Understanding Agentic AI, AI Agents and Agents in one article: Don’t confuse them anymore!

Unravel the mystery of Agentic AI, AI Agents, and Agents, and take you to a deep understanding of their differences and applications.
Core content:
1. Conceptual interpretation and distinction of the three major terms
2. Working principles and application examples of agents and AI agents
3. The true meaning of Agentic AI and its important role in the field of AI
The three words Agentic AI, AI Agents and Agents frequently appear in major self-media.
When discussing this with a friend last week, we found that it is easy to confuse these three terms. At first glance, they are similar, but they are not interchangeable. But it may seem unimportant to understand their differences, and when everyone is confused about something, they are all right.
From the current perspective, real Agent/Agentic products seem to be getting rid of the concept of Agent. For example, AI programming, AI research...
Overemphasizing the agent concept may cause users to have too high expectations, and piling up high-end vocabulary will distance users from the product. On the contrary, product positioning that focuses on solving specific problems is more likely to gain user recognition.
Secondly, users care about what problems a product can solve, not what technical category it belongs to. The cursor is popular because it can efficiently assist programming, not because it is an agent.
Of course, returning to the topic of this article, the following are the strict definitions of the three obtained after searching:
Agents
The most basic concept refers to any entity that can perceive the environment and act to achieve a goal. It can be software, hardware, or even a person. The key is: it does not require AI to work.
For example , the thermostat of your water heater at home is a typical agent. It senses the temperature (environmental perception), turns the heating system on and off (takes action), and maintains the set temperature (achieves a goal). It just works according to preset rules and does not require any AI capabilities.
AI Agents
These are upgraded agents, driven by AI. They no longer just follow simple rules, but can make decisions using AI technologies such as machine learning and natural language processing.
The best feature is that it can learn from data, adapt to new situations, and become smarter over time.
For example , virtual assistants such as Siri and Xiao Ai are AI Agents. They can understand your voice commands, learn to improve the quality of their responses, and perform tasks such as setting alarms and playing music.
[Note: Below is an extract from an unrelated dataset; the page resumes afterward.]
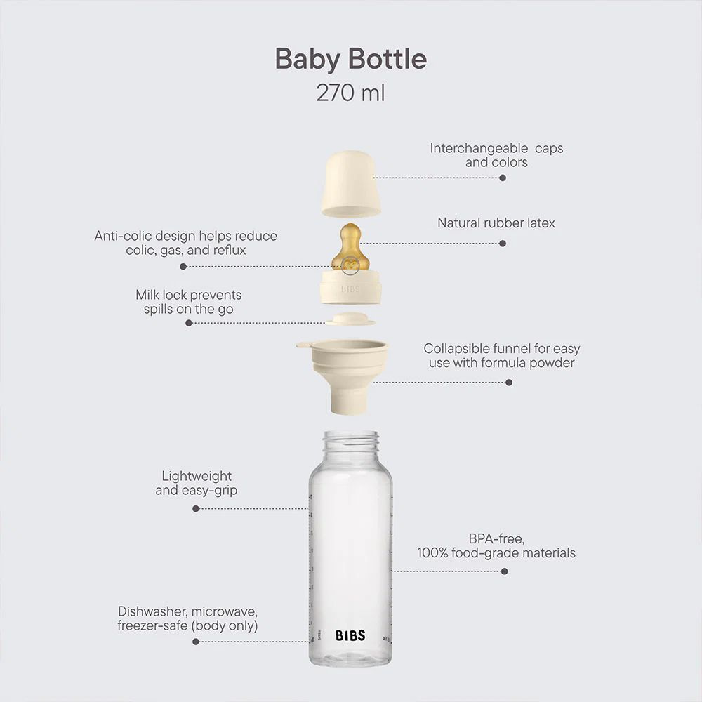 Optez pour le Biberon 270ml bibs de chez BIBS. Il est utilisable dès la naissance grâce à sa tétine débit lent. Fabriqué polypropylène SANS BPA , ce set composé d'un biberon, d'un capuchon, d'une bague de vissage, d'une tétine en latex à débit lent, d'un verrouillage anti fuite et d'un entonnoir pliable est parfait pour passer du sein à la tétine, ou pour les premiers biberons.

Many current AI models, such as GPT, can act as agents when integrated into workflows, but they are not fully autonomous.
Agentic AI
This is the real kicker! Agentic AI takes AI agents to a whole new level, making them more autonomous, adaptable, and proactive.
Unlike ordinary AI agents that passively wait for instructions, Agentic AI can plan and make decisions independently and can act without human instructions.
For example : An Agentic AI system that manages a smart home can not only adjust the temperature, but also automatically place orders when food is running low, schedule appliance maintenance, and optimize energy use - all without you having to do anything.
For example, it not only helps you book flights as requested, but also actively monitors ticket prices, reminds you of the best time to buy tickets, and even automatically rebooks when a more favorable price is found - all without you having to ask.
Essential difference:
AI Agents are tools, waiting for you to use them Agentic AI is a decision maker that proactively serves you
at last
As a popular concept, Agent has been overused and hyped. Some mature products choose to return to their essence, emphasizing their actual value rather than conceptual labels. Moreover, compared to learning how to interact with Agent, users are more willing to use products that look like traditional tools but have AI capabilities.